## [PROBLEM DETAILS]
Restate each line below word for word, skipping every picture.

## [SUPPLIED INFORMATION]

════

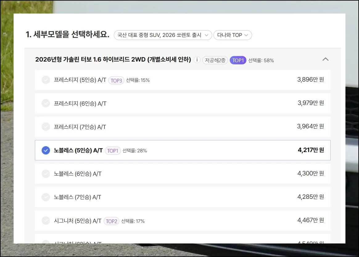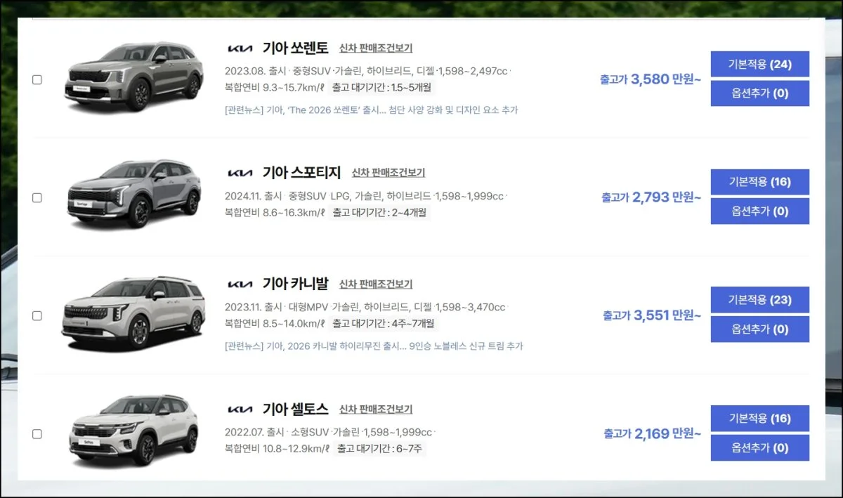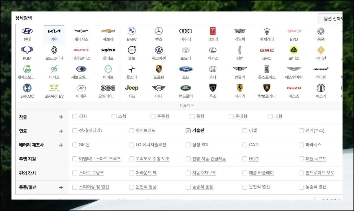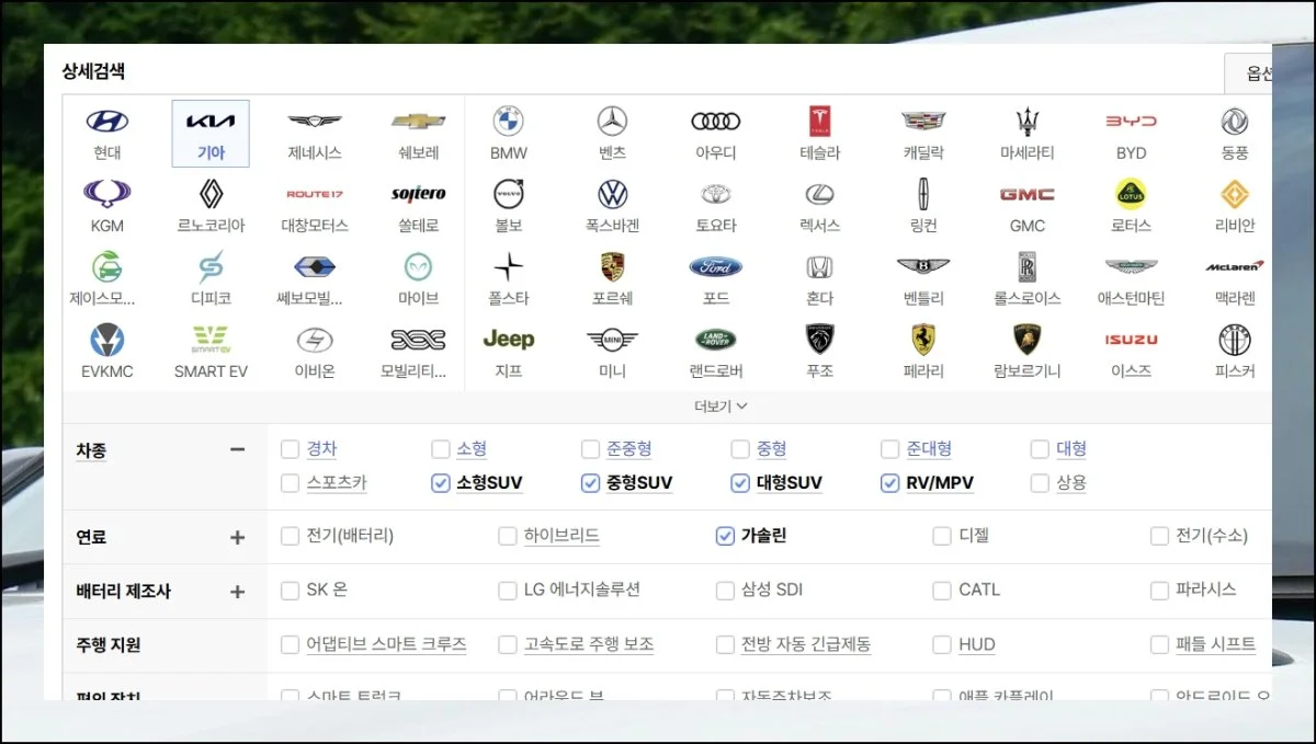 차종을 고를 때 연료 타입이나 편의장치 같은 세부 조건도 함께 설정할 수 있어요. 이번 가이드에서는 기아자동차 SUV를 중심으로 살펴볼 거지만, 본인이 원하는 모든 옵션을 체크하면 맞춤형 결과를 받을 수 있습니다.
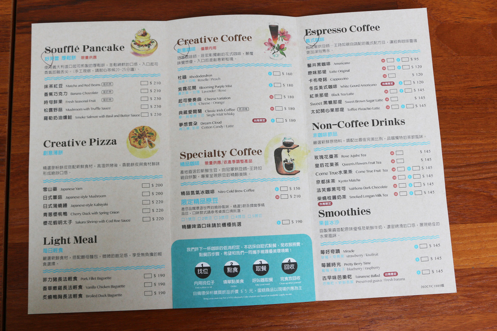 而店家菜單排版簡約乾淨,還有清楚劃分種類
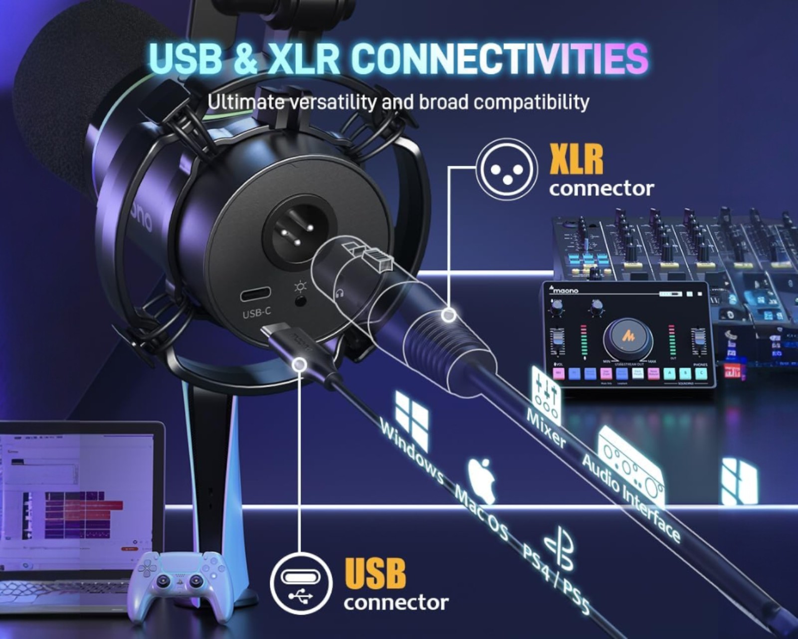 PD200x är en dynamisk mikrofon från Maono som erbjuder både XLR- och USB-C-anslutningar, vilket ger användaren flexibilitet för inspelning, streaming och podcasting. Mikrofonen är designad för att nå professionell ljudkvalitet, med en särskilt utvecklad mikrofonkapsel som säkerställer klar och balanserad ljudåtergivning. Den är lämplig för både nybörjare och mer avancerade användare.Enheten är konstruerad med en robust metallkropp som garanterar hållbarhet och lång livslängd. Den innovativa mikrofonkapseln är utformad för att fånga ljudet med hög precision, vilket minimerar bakgrundsbrus. Den stilrena RGB-belysningen erbjuder val mellan åtta färger och ett färgskiftande läge som kan stängas av helt. Mikrofonsystemet inkluderar Maono Link-programvara som tillhandahåller detaljerade ljudjusteringar såsom equalizer och limiter, vilket ger användaren full kontroll över ljudets egenskaper.

════

## [TASK SOLUTION]
 차종을 고를 때 연료 타입이나 편의장치 같은 세부 조건도 함께 설정할 수 있어요. 이번 가이드에서는 기아자동차 SUV를 중심으로 살펴볼 거지만, 본인이 원하는 모든 옵션을 체크하면 맞춤형 결과를 받을 수 있습니다.
 而店家菜單排版簡約乾淨,還有清楚劃分種類
 PD200x är en dynamisk mikrofon från Maono som erbjuder både XLR- och USB-C-anslutningar, vilket ger användaren flexibilitet för inspelning, streaming och podcasting. Mikrofonen är designad för att nå professionell ljudkvalitet, med en särskilt utvecklad mikrofonkapsel som säkerställer klar och balanserad ljudåtergivning. Den är lämplig för både nybörjare och mer avancerade användare.Enheten är konstruerad med en robust metallkropp som garanterar hållbarhet och lång livslängd. Den innovativa mikrofonkapseln är utformad för att fånga ljudet med hög precision, vilket minimerar bakgrundsbrus. Den stilrena RGB-belysningen erbjuder val mellan åtta färger och ett färgskiftande läge som kan stängas av helt. Mikrofonsystemet inkluderar Maono Link-programvara som tillhandahåller detaljerade ljudjusteringar såsom equalizer och limiter, vilket ger användaren full kontroll över ljudets egenskaper.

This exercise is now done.